History of the Judicial Appointments Commission

The creation of the JAC was an important move towards greater separation of powers between the legislature, the executive and the judiciary, and a significant step forward for the constitution and the Country.

In 2003 the Government announced its intention to change the system for making appointments to judicial offices in England and Wales. The reform was an important step towards strengthening the drive to officially enshrine judicial independence in law, enhancing accountability and ensuring greater public confidence.

Lord Falconer, then Secretary of State for Constitutional Affairs, asserted that it was no longer acceptable for judicial appointments to be entirely in the hands of a Government Minister.

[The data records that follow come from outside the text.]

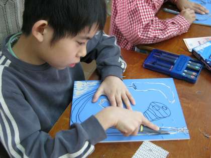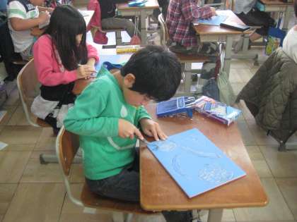 育成学級の4人の3年生も交流学級の友だちと一緒に、初めての彫刻刀にドキドキしながら楽しんで彫り進めています。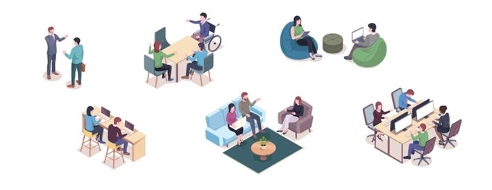 ABWはエリアごとに段階的に導入することができます。例えばラウンジ、リフレッシュルーム、会議室や執務室の一部などにまず導入します。その際に、もしも従業員の方々のニーズにマッチしないオフィス家具があれば、再度買取るというのがABWのトライアルです。
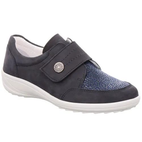 Dejlig sko med en overdel af nubuck og tekstil med effekt. Skoen lukkes med en bred velcrorem over vristen, dekoreret med en metalknap med en glitrende sten. Skoen kan åbnes meget op, derfor er det nemt at træde i den. Den komfortable indersål kan tages ud, og ydersålen er fleksibel og stødabsorberende med et fint fodfæste.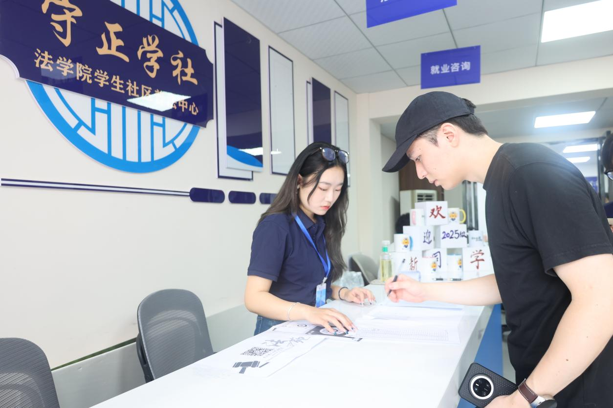 从迎新前通过线上渠道与新生对接答疑,地铁站的咨询点设置,到新生到校时的接站引导、行李帮扶,再到报到现场的流程讲解、资料发放,志愿者全程“在线”,以饱满的热情和周到的服务,成为新生融入法学院的“第一引路人”。
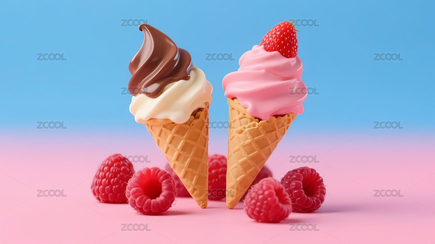 冰淇淋,甜筒,水果,草莓,樱桃,蓝莓,树莓,牛奶飞溅,冰块,粉色背景

Accordingly, he announced the Government’s intention to establish an independent Judicial Appointments Commission (JAC) to recommend candidates for judicial appointments on a more transparent basis.

Following extensive consultation, the Constitutional Reform Act 2005 (CRA) received Royal Assent in March 2005. The Act enshrined in law the independence of the judiciary and radically changed the way Judges are appointed.

As a result of the Act, the JAC was formally established on 3 April 2006.

Under the CRA, the JAC’s statutory duties are to:

  • select candidates solely on merit
  • select only people of good character
  • have regard to the need to encourage diversity in the range of persons available for judicial selection

The judicial appointments for which the JAC makes selections are set out in Schedule 14 to the CRA.